The Madras High Court on Thursday quashed several criminal defamation proceedings moved by the state government against media houses, saying that the state cannot use criminal defamation cases to throttle democracy.
Hearing a batch of 25 petitions filed by media houses seeking to quash proceedings in criminal defamation cases filed between 2011 and 2013, Justice Abdul Quddhose said, “If the state becomes an impulsive prosecutor in criminal defamation matters that too in an era of social media where there are scores of abusive contents made against public figures, the sessions court will get clogged with innumerable matters which are sometimes vindictive in nature only to settle scores with opposition political parties.”
The court reiterated that a state will have to show utmost restraint and maturity in filing criminal defamation cases. It said that criminal defamation procedures can be invoked only in cases where there is foolproof material and when launching of prosecution under Section 199(2) CrPC is inevitable. Criticising the tendency of governments to use criminal defamation as a weapon against media, the court said, “This menace will have to be curbed and nipped in the bud.”
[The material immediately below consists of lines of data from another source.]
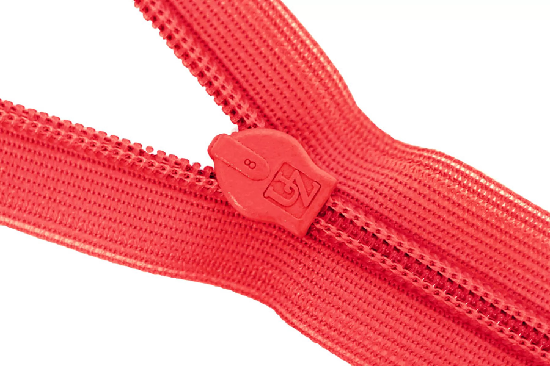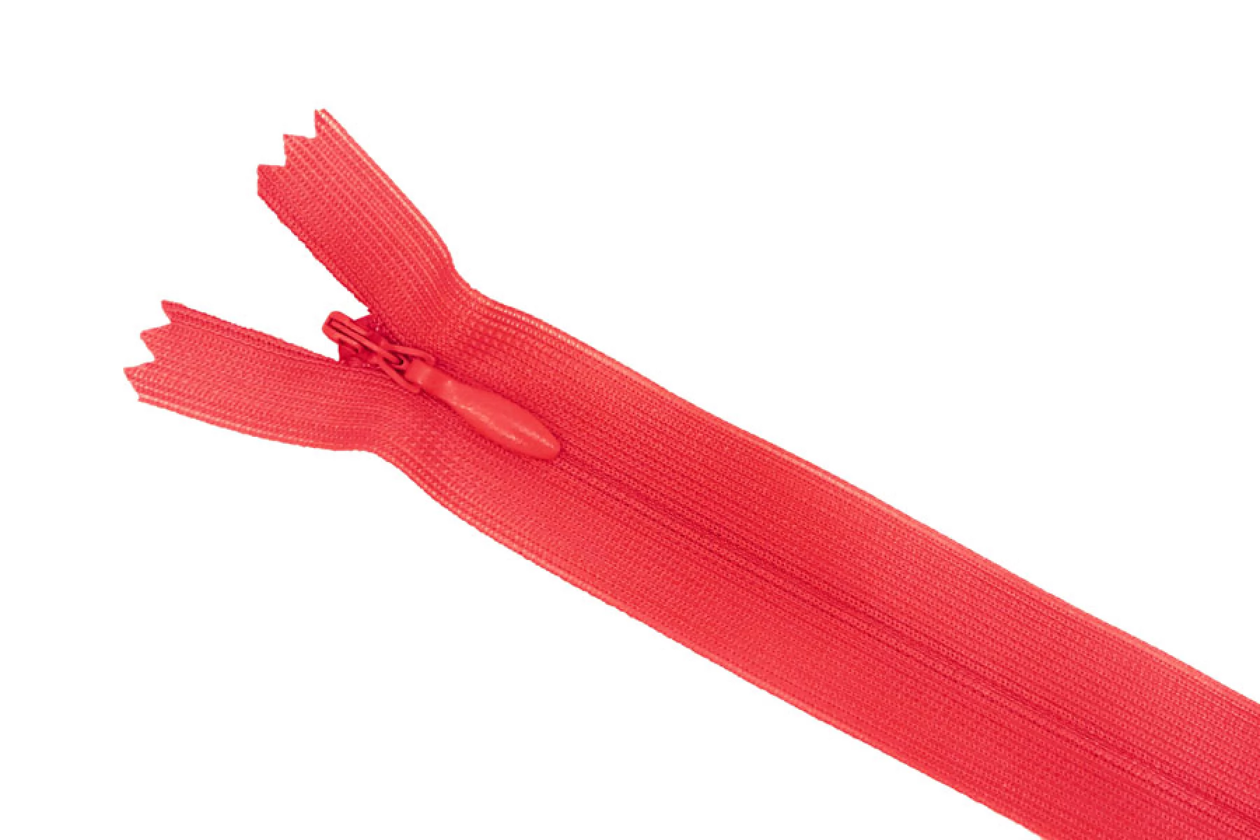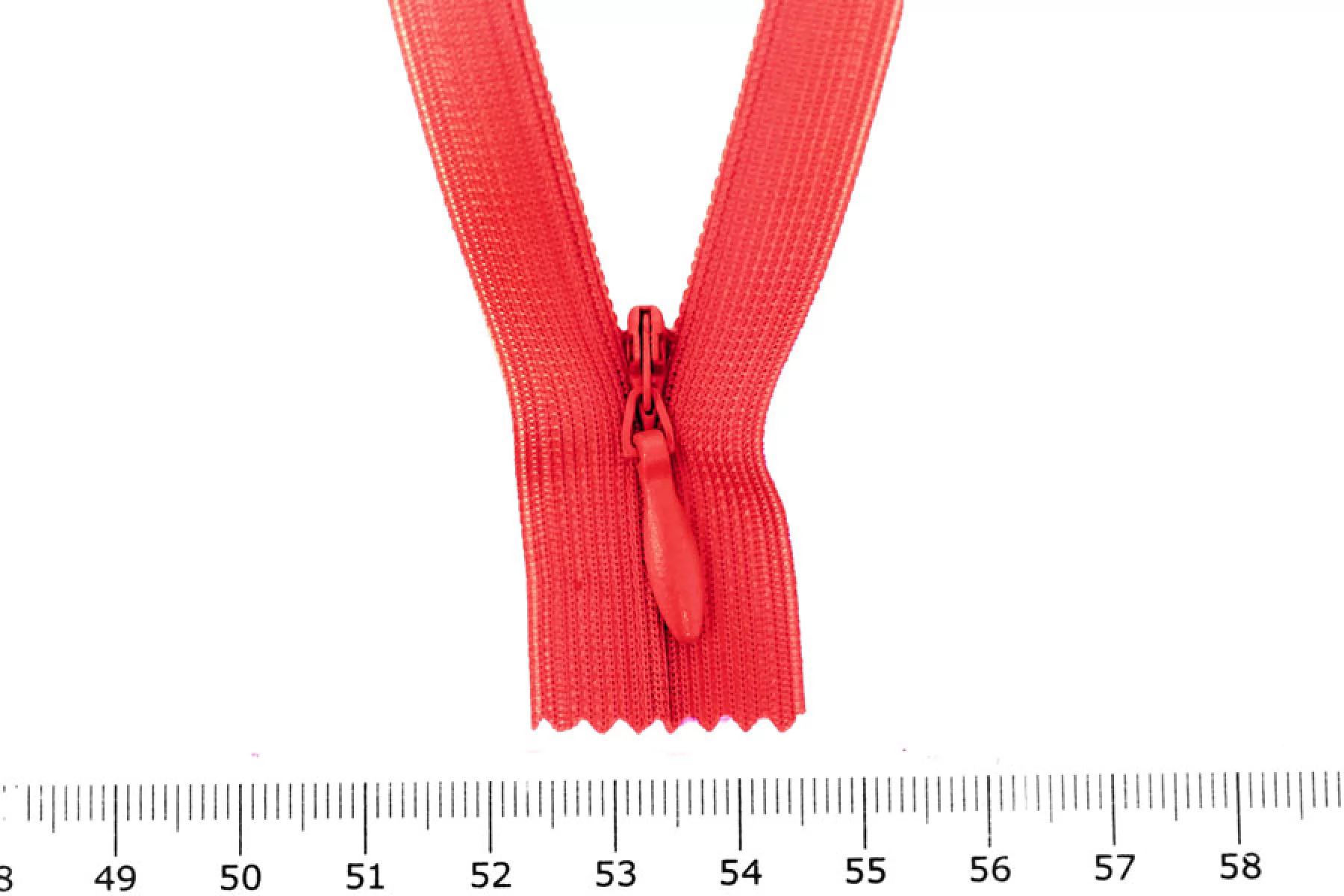 Потайная молния красного цвета, длина 20 см. Неразъемная. Зубцы пластиковые, слайдер и пуллер - металл. Ширина молнии 2 см. Ширина зубцов 4 мм.
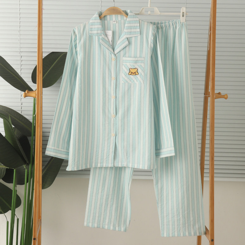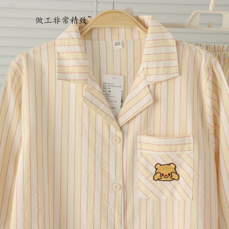 女梭织纯棉薄款水洗棉开身长袖长裤睡衣家居服套装春夏清爽全棉
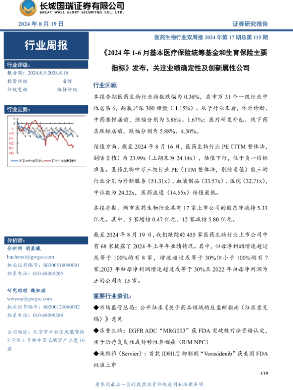 【长城国瑞证券】【20240819】2024年1-6月基本医疗保险统筹基金和生育保险主要指标发布,关注业绩确定性及创新属性公司-19页
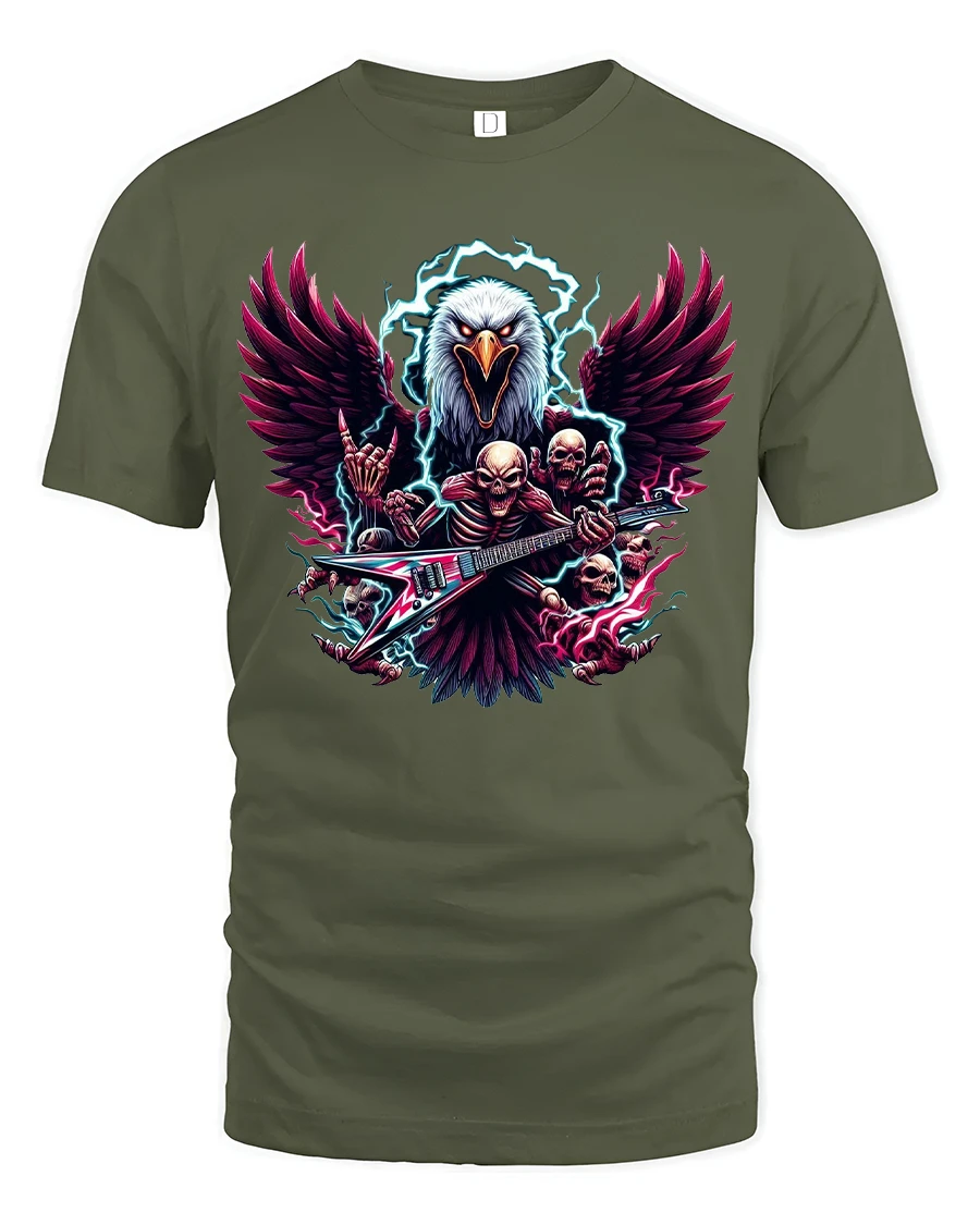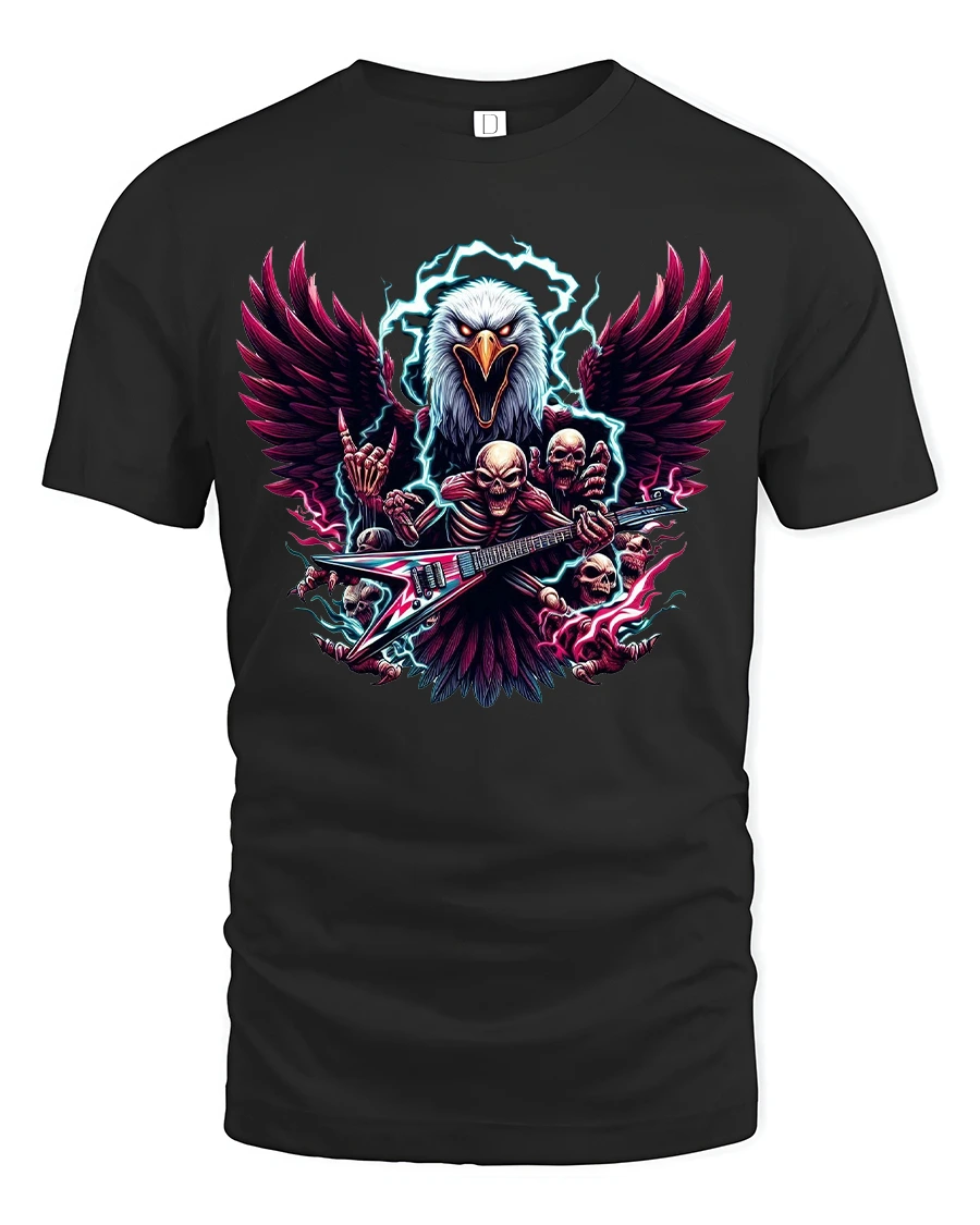 Show off your bold style with the Metal Eagle Guitar Rock Skull Graphic T-Shirt. Featuring a fierce eagle, detailed skulls, and an electric guitar surrounded by lightning, this design is perfect for fans of heavy metal, rock bands, and hardcore biker fashion. Its vibrant artwork stands out, making it a statement piece for concerts, festivals, and casual streetwear.
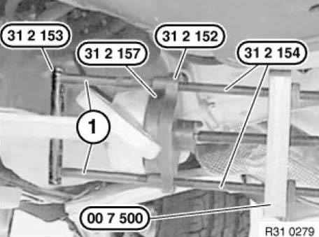 Attach special tool 31 2 153 with extensions (1) from puller set to control arm opening.
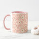 Las flores pequeñas en el fondo rosado es una taza linda y chica.
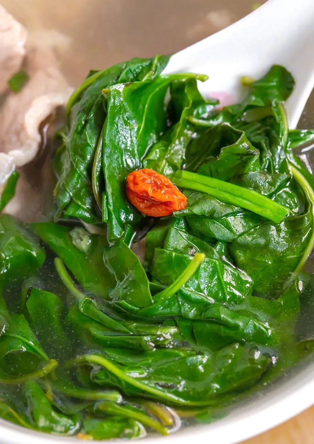 所以,三及第汤中最常见的是有明目清肝作用的枸杞叶,这种枸杞叶是梅州山区特有,和宁夏产果的枸杞叶,甚至是珠三角、粤西的枸杞叶都不太一样,叶片虽然带刺,但更大、更嫩。梅州客家人经常采食这种枸杞叶,用于搭配猪杂汤也自然不过。当然,很重要的一个原因还是枸杞叶和猪杂、猪肉汤有味道上的配合。
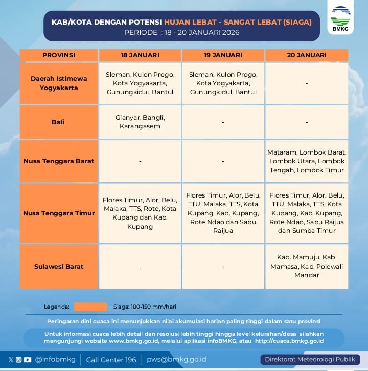 Untuk wilayah Nusa Tenggara Barat, dalam rentang tiga hari ini diduga akan mengalami hujan intensitas sedang hingga lebat pada tanggal 18 dan 19 Januari.

“The criminal defamation law is meant for a laudable object in real cases of necessity and cannot be misused by using the state as a tool to settle scores of a public servant/constitutional functionary over his or her adversary. A public servant or a constitutional functionary must be able to face criticism,” said the court. “The state cannot use criminal defamation cases to throttle democracy.”
The Hindu, Nakheeran, Times of India, Dinamalar, Tamil Murasu, Murasoli and Dinakaran were among the media houses who had petitioned the court. The news reports that faced criminal defamation in the first three years of late J Jayalalithaa’s regime between 2011 and 2016 include: a report about an attack on a Tamil magazine by AIADMK activists, publishing a statement issued by the then Opposition leader Vijayakanth accusing the then Chief Minister Jayalalithaa of “running a government through statements”, an interview with a woman who claimed to be the daughter of Jayalalithaa, and calling Jayalalithaa a “beef eating Brahmin”, which the magazine had claimed was referring to words of her own mentor M G Ramachandran in her early political career.
Justice Quddhose reminded that the prosecution must also consider themselves as agents of justice. “There should not be on the part of the public prosecutor a blind eagerness for, or grasping at a conviction. Prosecution does not mean persecution,” he said.